The Terror: Infamy's Yuko is truly the devil in disguise. (AMC)

The mystery and horrors plaguing the town unfold to reveal even far sinister things when Yuko is alone in her bedroom, about to take off her facial makeup and notices something off on her skin. One would assume it's a zit or at the most, a wrinkle perhaps, but then Yuko starts scratching the area and pulling off her skin to reveal black, decaying matter inside. And she doesn't stop at that; she bends a regular needle and begins sewing her skin up to perfection as if just seconds ago the layer wasn't peeling off in a very 'insidious' manner. 

The best thing about Yuko is how otherworldly innocent and naive she looks.

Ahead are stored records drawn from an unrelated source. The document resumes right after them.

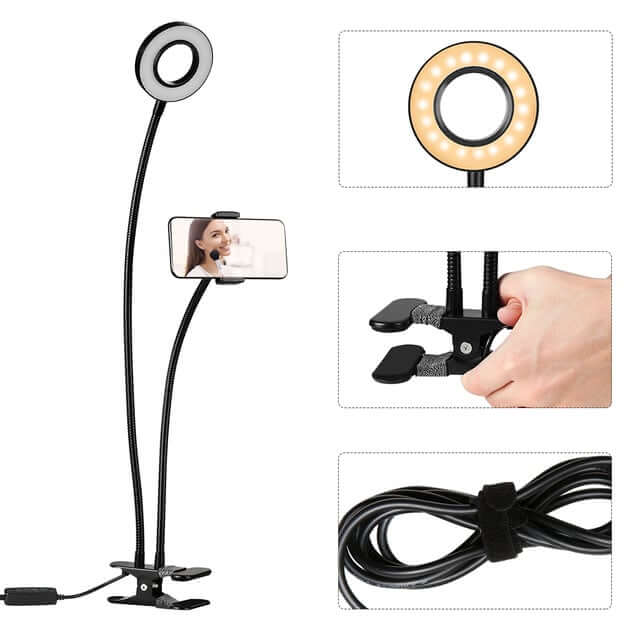 ערכת צילום עצמי - זרוע גמישה לסמרטפון ותאורה מקצועית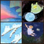 自作、手刺繍。『🇺🇦ウクライナの空』 2022年6月に完成。 原画は娘が描いたペン画(許可済み)。 #Twitter文化祭2022 #ハンドメイド #ハンドメイド好きさんとつながりたい #刺繍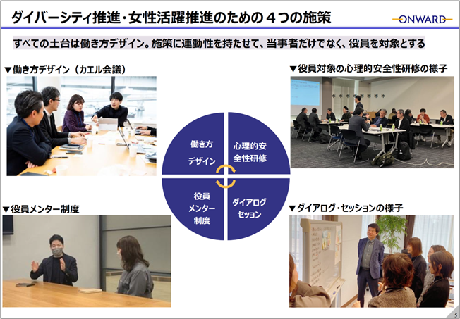特に、ダイバーシティ推進・女性活躍推進のための4つの施策として、カエル会議、役員対象の心理的安全性研修、役員メンター制度、社長と女性役員候補との対話の場である「ダイアログ・セッション」など当社が支援した取組みが一定の効果を持ったことも紹介いただきました。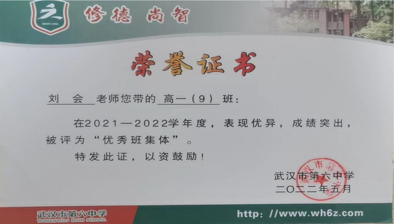 黄师精神“尚师表、勇担当、秉诚朴、图自强”是在学校学习的知识,更是作为一个黄师人从事教育工作的初心。刘会初到武汉六中,初次接触青春活力的学生,初次担任班主任……这一切对于一个刚从事教师工作不久的年轻人来说,是陌生的,是挑战的,更是兴奋的,但她没有胆怯,更多是将黄师精神融入到自己的工作中,勇敢的面对挑战。每到一个班级,她从记住每位同学的名字开始,到了解每位同学的性格,再到做同学家访去与家长沟通,从陌生到熟悉,慢慢走近每位学生,走进每位学生的内心,赢得了学生家长和学生的认可。她从严肃地给班级定规矩开始,到教每位学生去尊重同学,再到班级团结向上、勇夺区/校优秀班级称号,从严肃到活泼,慢慢成为一个团队,慢慢成为相亲相爱的一家人。多少次耐心细致的跟学生谈话,多少次穿梭在家访的路上,她没有抱怨,没有气馁,只为了教育好每一个学生。

For all we know, she is an evil spirit out to seek vengeance on the Nakayama family, or even the Japanese-American community in Terminal Island; but for now, with the way she has gone about her little evil schemes sprinkling them here and there, one can only imagine what else she could be up to if Chester's child is carried to full term. Yuko doesn't look like the kind to mess with and you should be very, very scared.

'The Terror: Infamy' airs every Monday at 9 p.m. only on AMC.